Question

The area of a circle is A and that of a larger circle is A + B. If A, B, and A+B are in AP and the radius of the larger circle is 3, find the radius of the smaller circle

Answer 1

@Mimi_x3

Answer 2

@ganeshie8

Answer 3

Could you draw it?

Answer 4

there is no diagram provided

Answer 5

I mean, with your question

Answer 6

i dont think you need one cos you can just use the given info

Answer 7

K

Answer 8

@Compassionate @Hero @ikram002p

Answer 9

Let's do this!

Answer 10

Yay!

Answer 11

First of all, it is given that \(A + B = \pi \times \underbrace{3^2}_{\rm radius^2} = 9\pi.\)
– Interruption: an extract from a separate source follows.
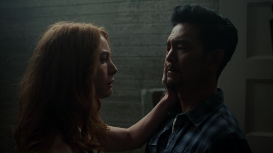 Of course, this reflects sad realities, as horror often does. By the time Nikki appears to Andy, his mind and spirit are stretched to breaking, so thoroughly exhausted that he lets himself believe his family can be made whole. I will never leave you again, she assures him… but to the viewer, that sounds like a threat. Alicia Witt is great in her first full episode as the Nikki-thing. The Exorcist is full of expressive face actors (Ben Daniels and Li Jun Li communicate entire scripts with just their eyes) and Nikki slips seamlessly between coquettish, bittersweet, and a chilling remoteness. Watching her puppet Andy throughout his house–their house–casts our entire awareness of him into doubt. It’s an intriguing depiction of the typical abuse dynamic in media and in life, an inversion of whose pain is visible. After promising to help Andy fool the priests and keep their family safe, Nikki purrs, I think that’s what they call happily ever after.
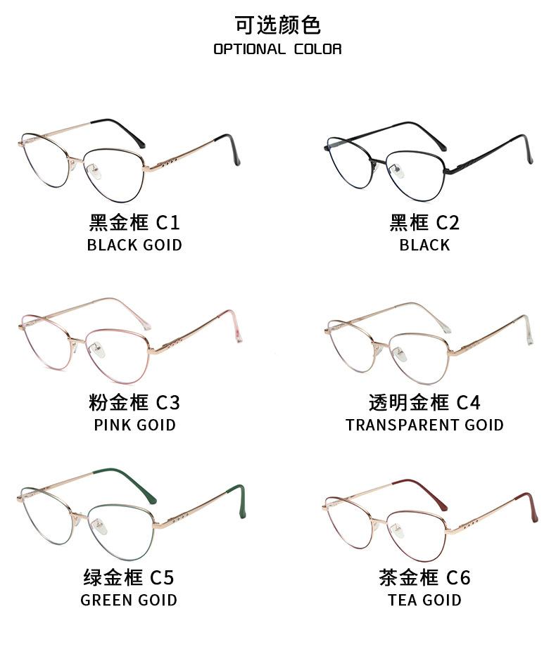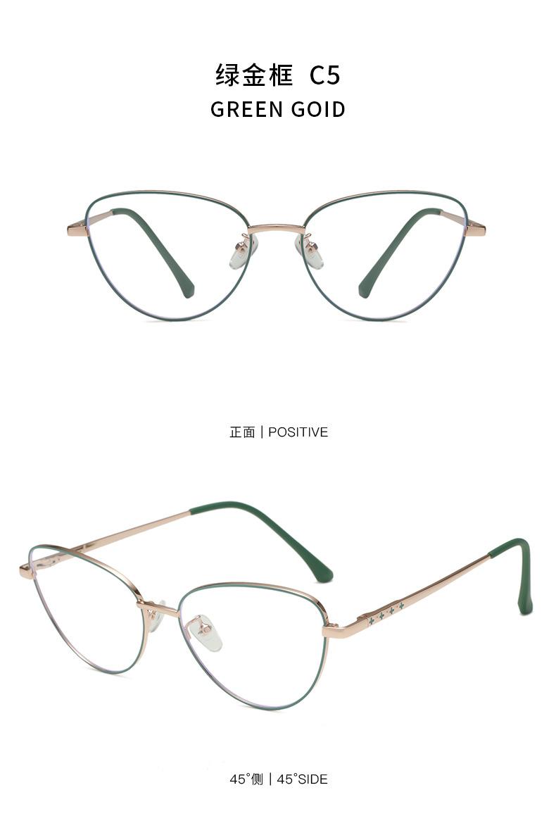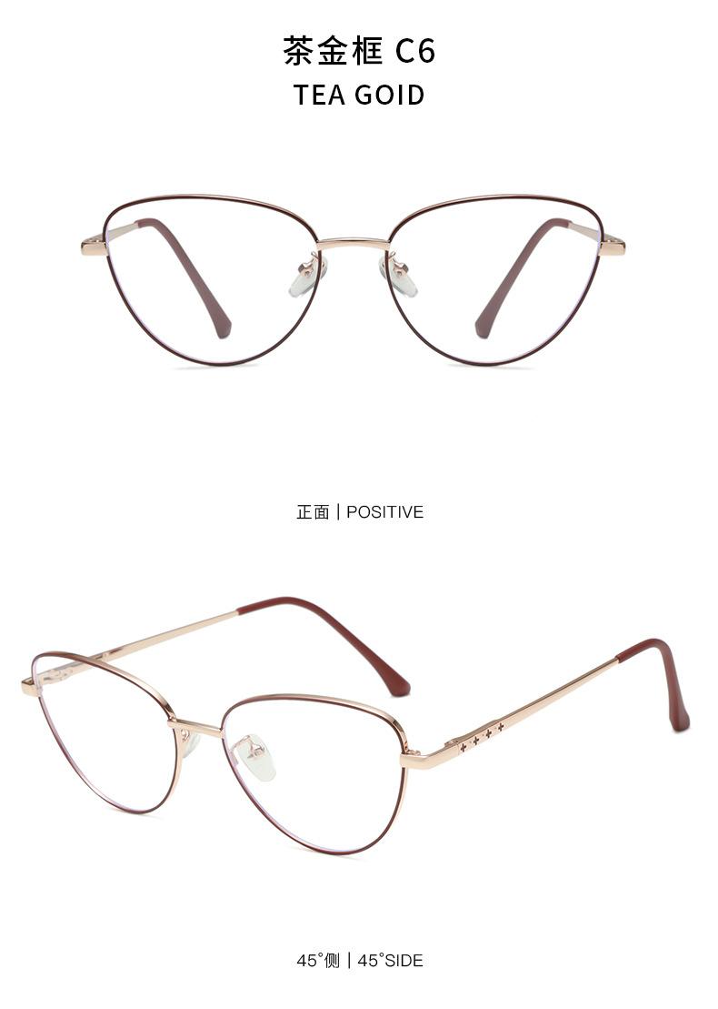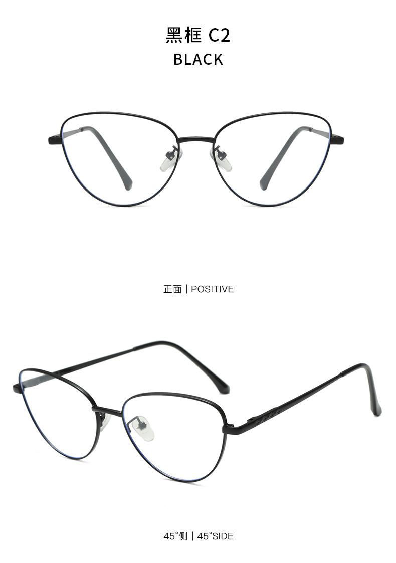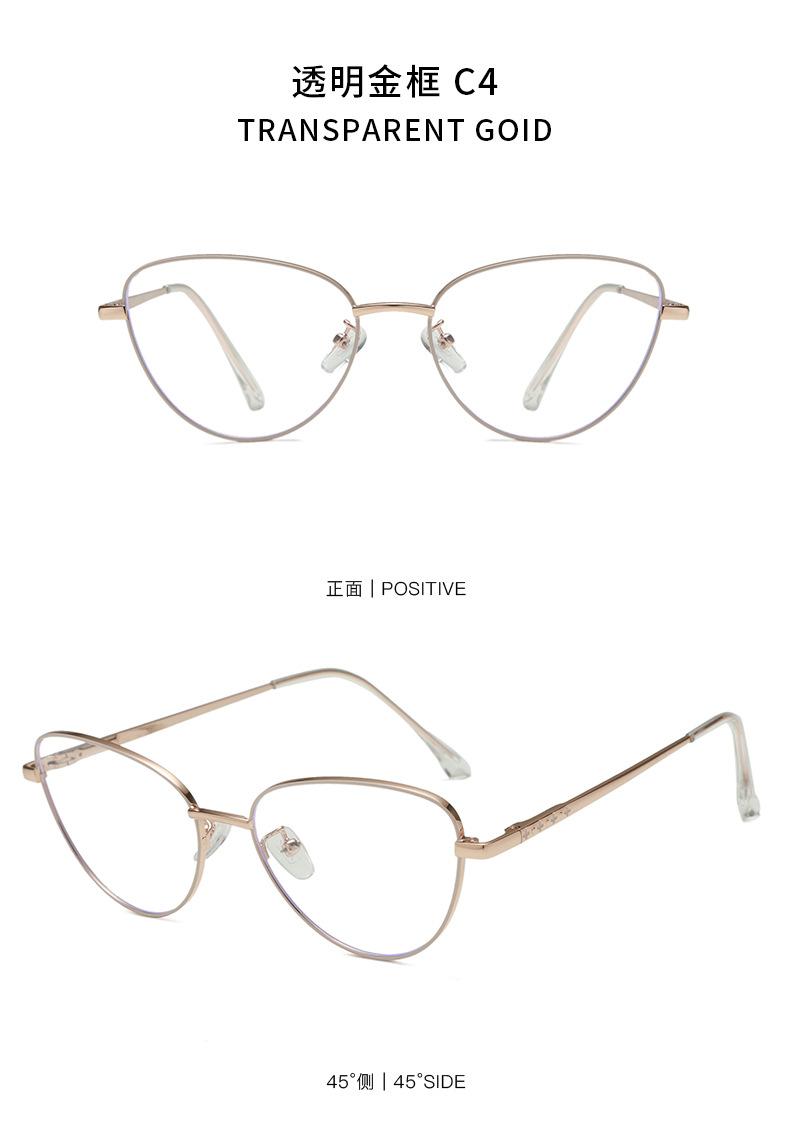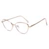 Nuevas gafas de sol estilo ojo de gato de estilo europeo y americano con montura metálica y resorte, de estilo transfronterizo, con cara lisa y espejo plano antiluz azul 25003

Secondly, the condition \(x,y,z\) to be in AP is \(2y = x + z\). Let's use that.

Here, \(A, B, A + B\) is the AP. Therefore \(2B = A + A + B \Rightarrow B = 2A\).

Now, we have two equations. Let's solve them.\[A + B = 9\pi\]\[\iff A + 2A = 9\pi\]\[
\iff 3A = 9\pi\]\[\iff A = 3\pi\]And so, the radius of the smaller circle would be \(3\pi\) sq. units.

Answer 12

The area of the smaller circle*

Answer 13

The radius should be easy to find, though, because you know the area.

Answer 14

thanks

Answer 15

\[Area=\pi*r^2\]\[3\pi=\pi*r^2\]\[\frac{3\pi}{\pi}=r^2\]\[\frac{3\cancel{\pi}}{\cancel\pi}=r^2\]\[3=r^2\]\[r=\pm\sqrt{3}\]

Answer 16

Not \(\pm \sqrt 3\) - just \(\sqrt 3\) :)